● INPUT DATA

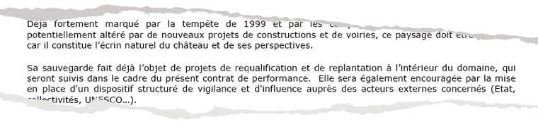 Le contrat de performance évoque dès les premières pages cette question sur le mode du constat : « L’établissement public a constaté et signalé la dégradation progressive du paysage environnant le domaine », insistant sur la nécessité de le préserver « car il constitue l’écrin naturel du château et de ses perspectives ». Mais que peut faire le domaine pour cela ? « Sa sauvegarde fait déjà l’objet de projets de requalification et de replantation à l’intérieur du domaine (...) Elle sera également encouragée par la mise en place d’un dispositif structuré de vigilance et d’influence auprès des acteurs externes concernés (Etat, collectivités, UNESCO…) ». C’est théoriquement rassurant mais ça rend d’autant plus ambigüe l’attitude de M. Aillagon qui, tout en se disant très sensible à la question - elle revient de manière récurrente sur son blog -, s’était déclaré favorable début 2011, en tant que président du Château, au projet d’une implantation de Roland-Garros dans le parc de Versailles. Si cela ne devait pas, selon ses responsables, impacter le paysage, c’était un bien mauvais signal pour la préservation de l’environnement. On sait que la Fédération française de tennis (FFT) ne retint finalement pas cette option. En janvier 2012, la mairie de Versailles souhaitant urbaniser plusieurs parties du parc, Didier Rykner, dans La Tribune de l’Art, notait les contradictions de l’ancien président du domaine dans un livre qu’il publiait sur Versailles, avant que celui-ci ne s’explique, affirmant que son engagement pour Roland-Garros était en fait une manière d’alerter un peu plus sur la nécessité de protéger ce paysage et qu’il y était en réalité opposé. Catherine Pégard, interrogée par Didier Rykner lors de la conférence de presse sur les projets de la mairie, se dit également très attachée à « la protection de la pérennité du domaine royal et celle du paysage ». Mais tout cela reste bien fragile...
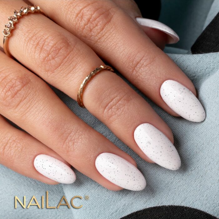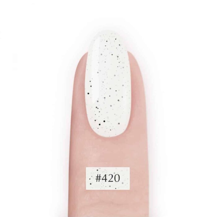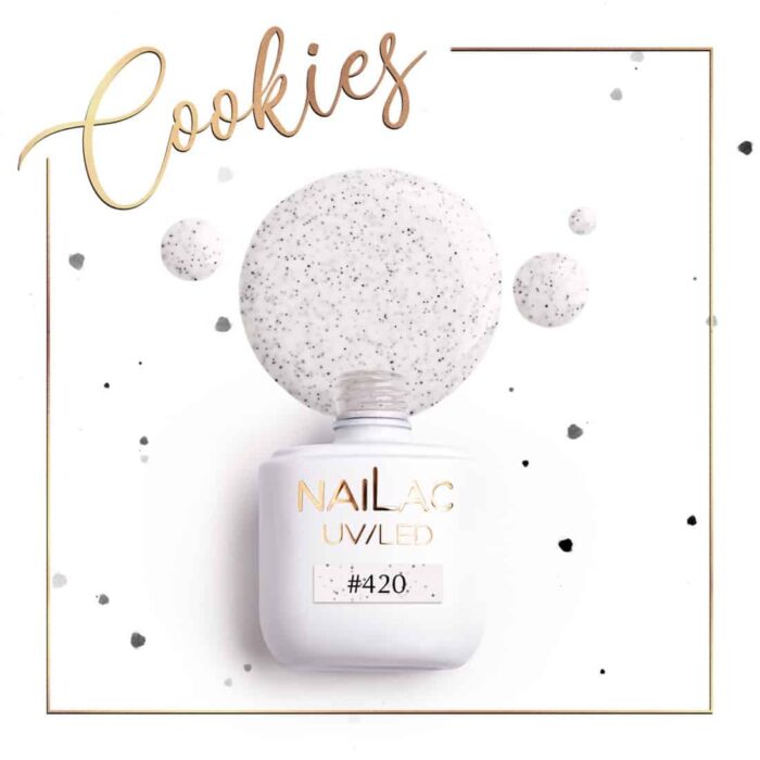 Smalto ibrido NaiLac #420 è un colore insolito dal colore bianco cremoso con l’aggiunta di micro puntini neri che lo rendono divertente e trasforma le mani in un gioco interessante.
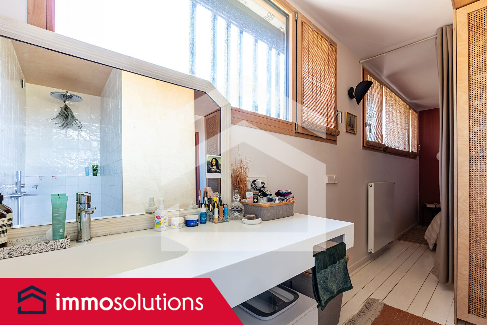 Depuis le salon, un escalier suspendu en chêne et métal laqué blanc conduit à l'étage. On y découvre un espace bureau lumineux, agrémenté d'un filet suspendu surplombant le séjour, offrant un coin de détente ludique et original. L'étage accueille également une suite parentale chaleureuse avec dressing et salle d'eau, ainsi que deux chambres nichées sous les toits, chacune équipée d'un meuble lavabo sur-mesure.
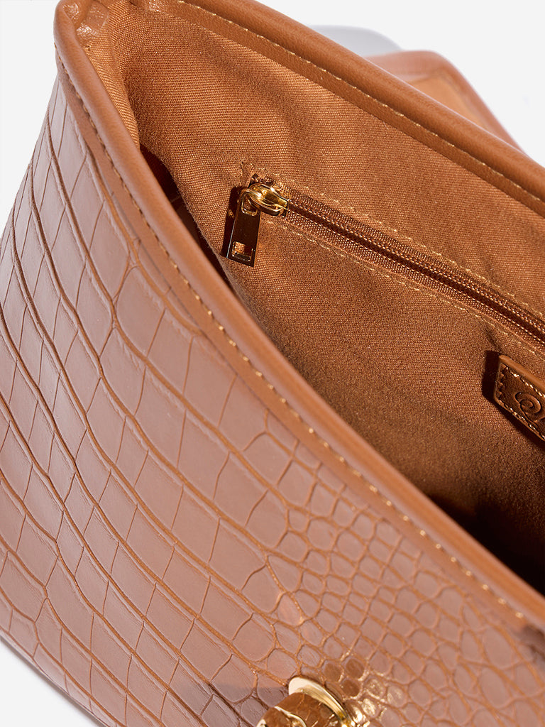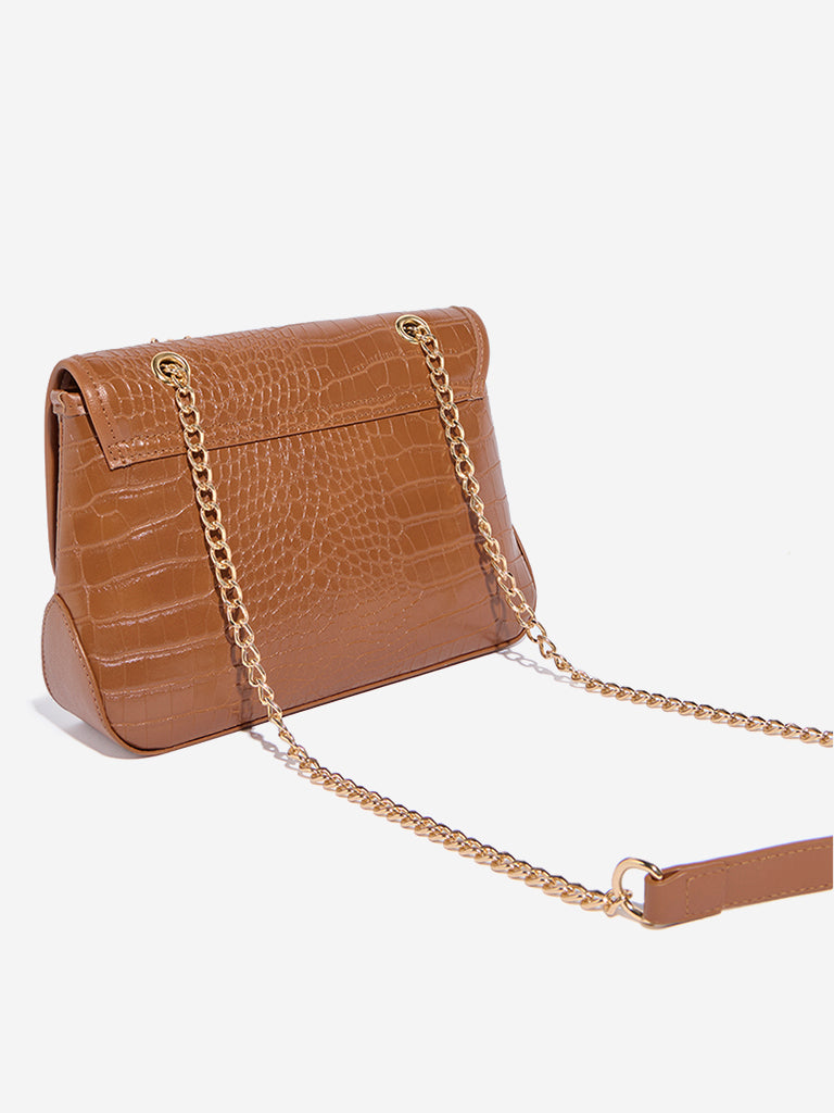 Westside Accessories exhibits this tan sling bag featuring a textured profile with gold-accent metallic embellishments. A metallic chained shoulder sling adds a modish finish to its glossy lustre. It encloses ample space with a hidden compartment and has a twist-style metallic clasp.
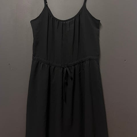 Sort fin kort kjole med doble stropper & strikk i midjen

● TASK TO COMPLETE
Transcribe every entry above exactly as it stands, but skip the images.

● PROBLEM SOLUTION
 Le contrat de performance évoque dès les premières pages cette question sur le mode du constat : « L’établissement public a constaté et signalé la dégradation progressive du paysage environnant le domaine », insistant sur la nécessité de le préserver « car il constitue l’écrin naturel du château et de ses perspectives ». Mais que peut faire le domaine pour cela ? « Sa sauvegarde fait déjà l’objet de projets de requalification et de replantation à l’intérieur du domaine (...) Elle sera également encouragée par la mise en place d’un dispositif structuré de vigilance et d’influence auprès des acteurs externes concernés (Etat, collectivités, UNESCO…) ». C’est théoriquement rassurant mais ça rend d’autant plus ambigüe l’attitude de M. Aillagon qui, tout en se disant très sensible à la question - elle revient de manière récurrente sur son blog -, s’était déclaré favorable début 2011, en tant que président du Château, au projet d’une implantation de Roland-Garros dans le parc de Versailles. Si cela ne devait pas, selon ses responsables, impacter le paysage, c’était un bien mauvais signal pour la préservation de l’environnement. On sait que la Fédération française de tennis (FFT) ne retint finalement pas cette option. En janvier 2012, la mairie de Versailles souhaitant urbaniser plusieurs parties du parc, Didier Rykner, dans La Tribune de l’Art, notait les contradictions de l’ancien président du domaine dans un livre qu’il publiait sur Versailles, avant que celui-ci ne s’explique, affirmant que son engagement pour Roland-Garros était en fait une manière d’alerter un peu plus sur la nécessité de protéger ce paysage et qu’il y était en réalité opposé. Catherine Pégard, interrogée par Didier Rykner lors de la conférence de presse sur les projets de la mairie, se dit également très attachée à « la protection de la pérennité du domaine royal et celle du paysage ». Mais tout cela reste bien fragile...
 Smalto ibrido NaiLac #420 è un colore insolito dal colore bianco cremoso con l’aggiunta di micro puntini neri che lo rendono divertente e trasforma le mani in un gioco interessante.
 Depuis le salon, un escalier suspendu en chêne et métal laqué blanc conduit à l'étage. On y découvre un espace bureau lumineux, agrémenté d'un filet suspendu surplombant le séjour, offrant un coin de détente ludique et original. L'étage accueille également une suite parentale chaleureuse avec dressing et salle d'eau, ainsi que deux chambres nichées sous les toits, chacune équipée d'un meuble lavabo sur-mesure.
 Westside Accessories exhibits this tan sling bag featuring a textured profile with gold-accent metallic embellishments. A metallic chained shoulder sling adds a modish finish to its glossy lustre. It encloses ample space with a hidden compartment and has a twist-style metallic clasp.
 Sort fin kort kjole med doble stropper & strikk i midjen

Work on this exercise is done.